Data Module
Overview
The data module handles data loading, preprocessing, and transformations.
Submodules
conform
- neurolit.data.conform.options_parse()[source]
Command line option parser.
- Returns:
object holding options
- Return type:
options
- neurolit.data.conform.map_image(img: SpatialImage, out_affine: ndarray, out_shape: ndarray, ras2ras: ndarray | None = None, order: int = 1, dtype: type | None = None) ndarray[source]
Map image to new voxel space (RAS orientation).
- Parameters:
img (nib.analyze.SpatialImage) – the src 3D image with data and affine set
out_affine (np.ndarray) – trg image affine
out_shape (np.ndarray) – the trg shape information
ras2ras (Optional[np.ndarray]) – an additional mapping that should be applied (default=id to just reslice)
order (int) – order of interpolation (0=nearest,1=linear(default),2=quadratic,3=cubic)

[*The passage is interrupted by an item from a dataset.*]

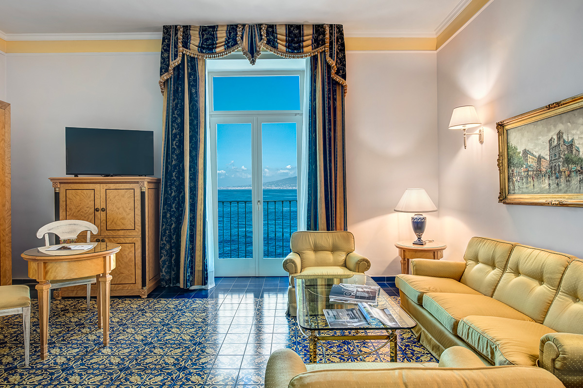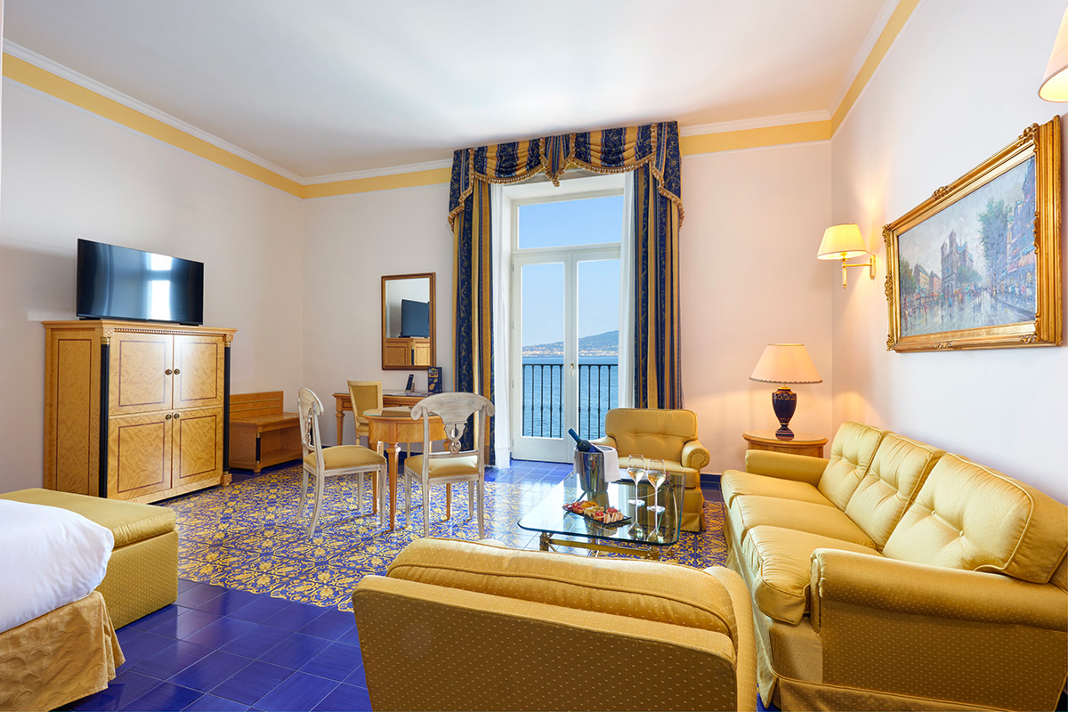 Junior Suite, Junior Suite con vista mare, TV satellitare, cassaforte, aria condizionata regolabile individualmente da giugno a settembre, telefono diretto, alcune con vasca idromassaggio.

dtype (Optional[Type]) – target dtype of the resulting image (relevant for reorientation, default=same as img)
- Returns:
mapped image data array
- Return type:
np.ndarray
- neurolit.data.conform.getscale(data: ndarray, dst_min: float, dst_max: float, f_low: float = 0.0, f_high: float = 0.999) tuple[float, float][source]
Get offset and scale of image intensities to robustly rescale to range dst_min..dst_max.
Equivalent to how mri_convert conforms images.
- Parameters:
data (np.ndarray) – image data (intensity values)
dst_min (float) – future minimal intensity value
dst_max (float) – future maximal intensity value
f_low (float) – robust cropping at low end (0.0 no cropping, default)
f_high (float) – robust cropping at higher end (0.999 crop one thousandth of high intensity voxels, default)
- Returns:
float src_min – (adjusted) offset
float – scale factor
- neurolit.data.conform.scalecrop(data: ndarray, dst_min: float, dst_max: float, src_min: float, scale: float) ndarray[source]
Crop the intensity ranges to specific min and max values.
- Parameters:
- Returns:
scaled image data
- Return type:
np.ndarray
- neurolit.data.conform.rescale(data: ndarray, dst_min: float, dst_max: float, f_low: float = 0.0, f_high: float = 0.999) ndarray[source]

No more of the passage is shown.